Overwhelming Majority Of Studies Find That Gun Control Policies Don’t Work
An analysis of thousands of gun control studies claims that just 63 of those studies found connections between more stringent gun control laws violent crime and suicide reductions.
The non-profit RAND corporation spent two years and $1 million on the analysis, searching for evidence of benefit from gun control policies. RAND’s analysis looked to establish connections between gun policies and rates of homicide, suicide, self-defense gun use, hunting, and other categories. The vast majority of those categories went unaffected by legislation, however, according to NPR.
“Most of the effects that we were looking for evidence on, we didn’t find any evidence,” Andrew Morral, who lead the analysis.
RAND’s analysis found some evidence that laws aimed at keeping firearms out of the hands of small children had some effect on rates of suicide and accidental gun injuries.

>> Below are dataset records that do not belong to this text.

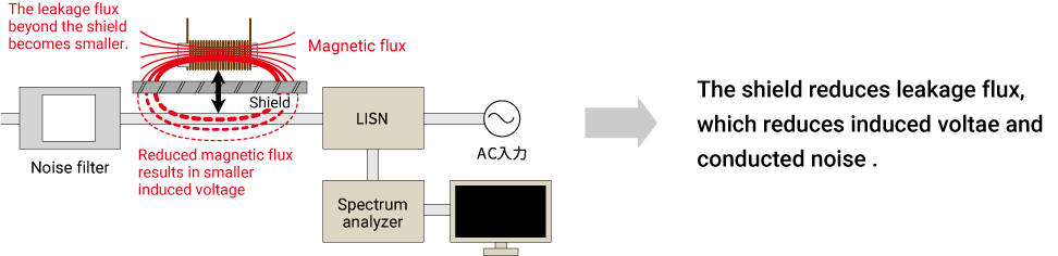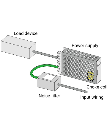 Magnetic flux generated from the choke coil inside a switching power supply can couple into the input wiring of a nearby noise filter. When this occurs, the noise filter cannot provide its intended attenuation performance.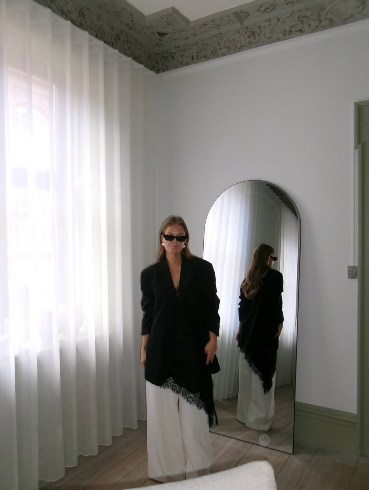 Оберіть найулюбленіші брюки — чи то базові палаццо, чи то трендові аладдіни, чи то все ті ж джинси — і скомбінуйте їх із витонченою сукнею з мереживними деталями на подолі й декольте. Ще краще, якщо річ вирізнятиметься й асиметричним кроєм: так, образ отримає ту саме акцентну деталь, яка приковуватиме всі погляди.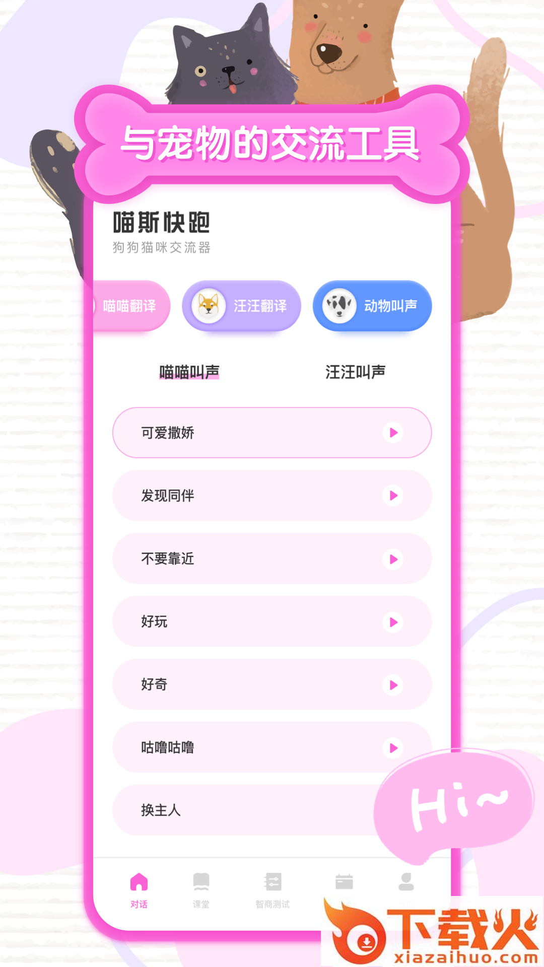 1、您还在担心喵星人和汪星人不愿意亲近您? 即时将你的声音变换为猫语和狗语,获得猫咪和狗狗的注意力。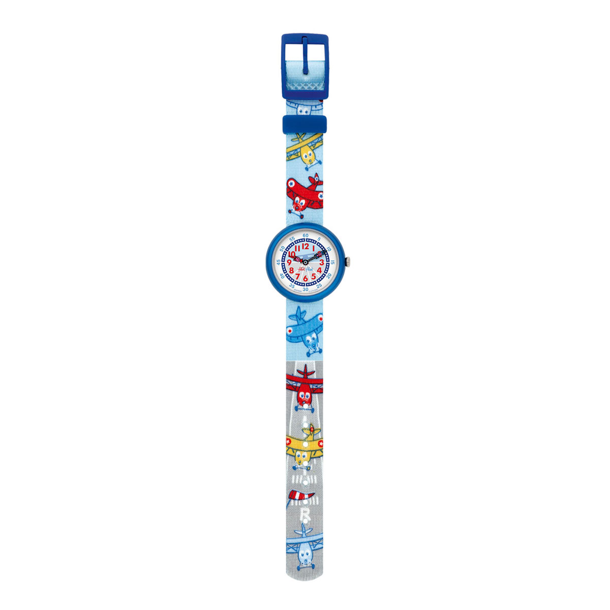Đồng hồ bé trai FLIK FLAK FBN060 thiết kế dây đeo với màu xanh da trời cùng với những chiếc máy bay vui vẻ. Các nhà thiết kế của hãng FLIK FLAK còn thiết kế mặt đồng hồ theo phong cách buồng lái máy bay với hai kim chỉ giờ chỉ phút gắn hai nhân vật FLIK và FLAK. Đồng hồ cũng được trang bị khả năng chống sốc và chống nước cơ bản.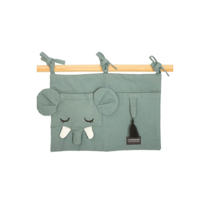 En riktigt snygg förvaring med två fickor i form av en söt elefant att hänga på sidan av sängen eller knyta fast någon annanstans. Tillverkad i OEKO-TEX certifierad ekologisk bomull med applikationer och broderi samt tre uppsättningar knytband att hänga upp förvaringen i.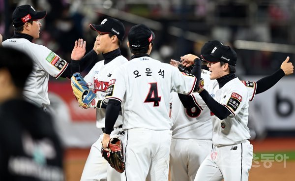 20일 경기도 수원 kt위즈파크에서 ‘2022 신한은행 SOL KBO리그’ kt 위즈와 키움 히어로즈의 준PO 4차전 경기가 열렸다. kt가 키움을 상대로 9-6으로 승리한 후 선수들이 그라운드에서 기쁨을 나누고 있다.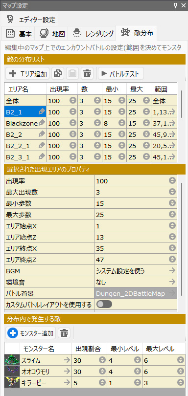 ここでは『ダンジョンRPGサンプル』のバトルシーンで使われるマップ(バトルマップ)の作り方を説明します。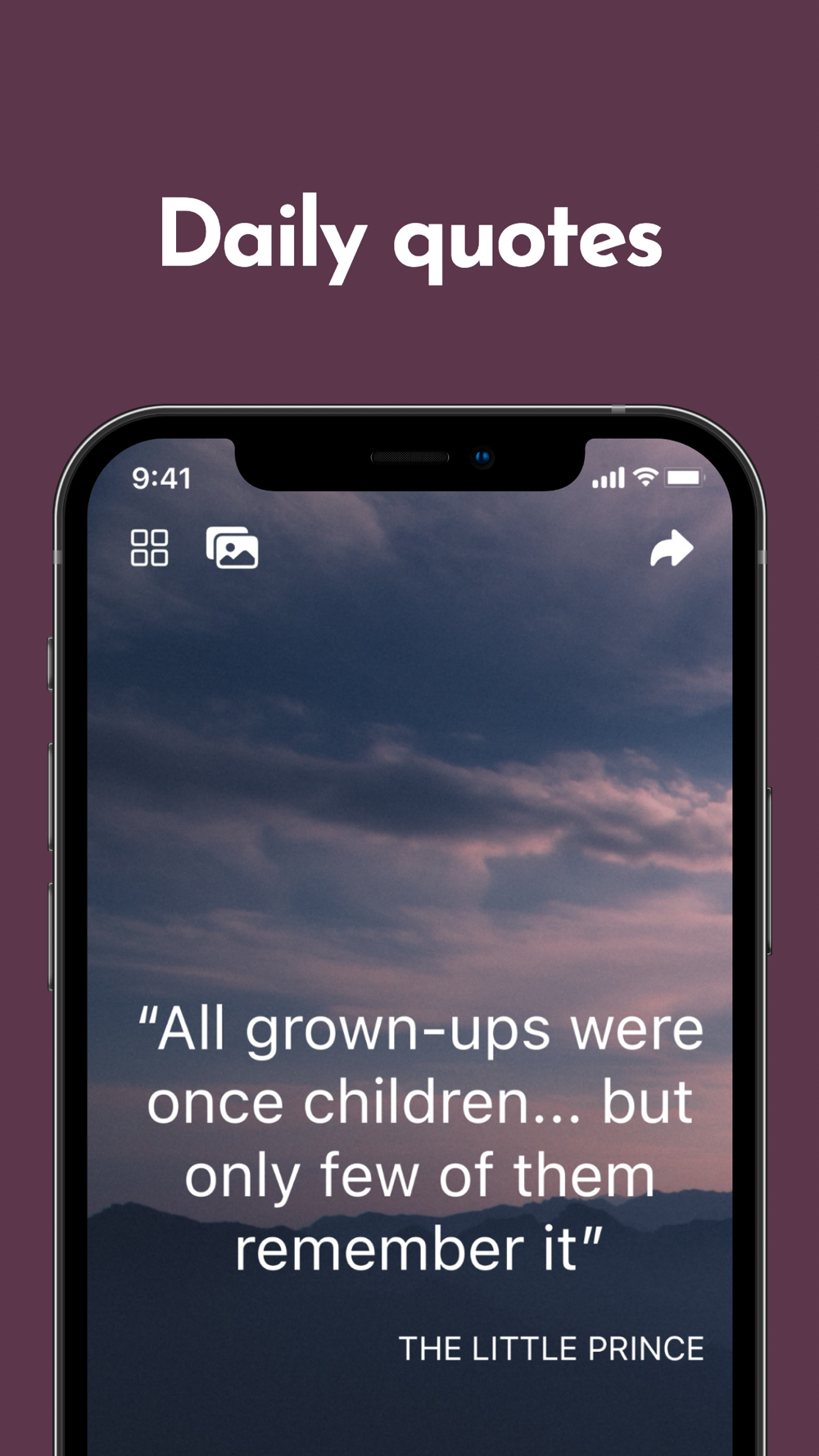 Our App includes a wide range of categories, where you can choose the ones you like. Customize a design and set the backgrounds that suit your mood, set daily reminders, get your daily quote, and share it with your friends!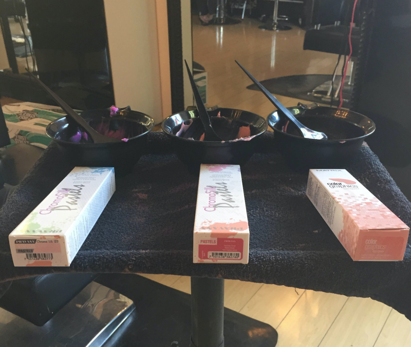 For the look below I melted baby pink, peach and coral direct dyes together (keeping one tone constant on my base) and glazed with a 9V diluted to an 11!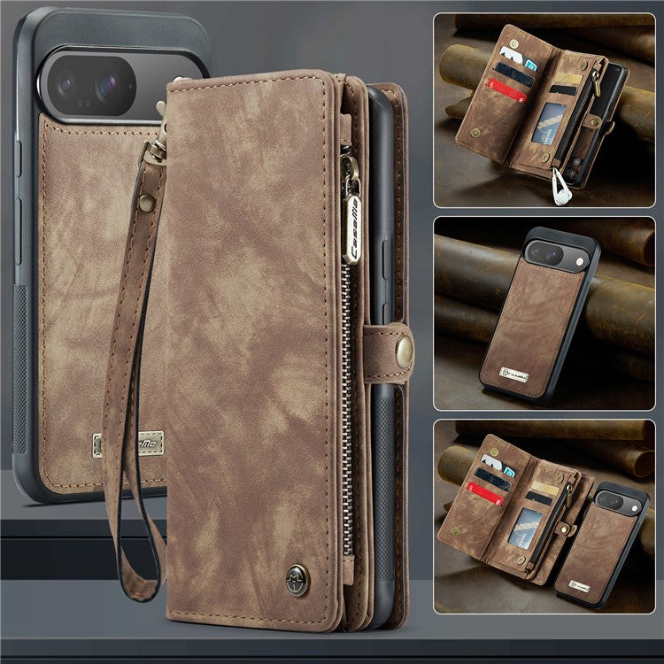 CASEME 008 Series for Google Pixel 9 / Pixel 9 Pro Case Leather Phone Cover Zipper Pocket Wallet - Brown

Morral also surveyed 95 gun policy experts on both sides of the debate, asking them to rank the ideal outcomes of any given gun control legislation. The outcomes included lowering homicides, suicides, and mass shootings as well as protecting privacy, and enabling hunting and sport shooting. The vast majority of the expert responded that cutting suicides and homicides should be the top priorities.
“That was a surprise, actually,” Morral told NPR. “I think people on either side of gun policy debates think that the other side has misplaced values — or that it’s a values problem, in any case. But that’s not what we find. We find people prioritize the same things in the same order. Where they disagree is on which laws will achieve those objectives. So this is a disagreement about facts. And the facts are sparse.”
Many gun control advocates have called on the federal government to invest more into gathering accurate data on gun violence in America. Congress has long limited the funding for such studies and prevented gun violence from being considered a health issue that would fall under the jurisdiction of the Centers for Disease Control and Prevention (CDC).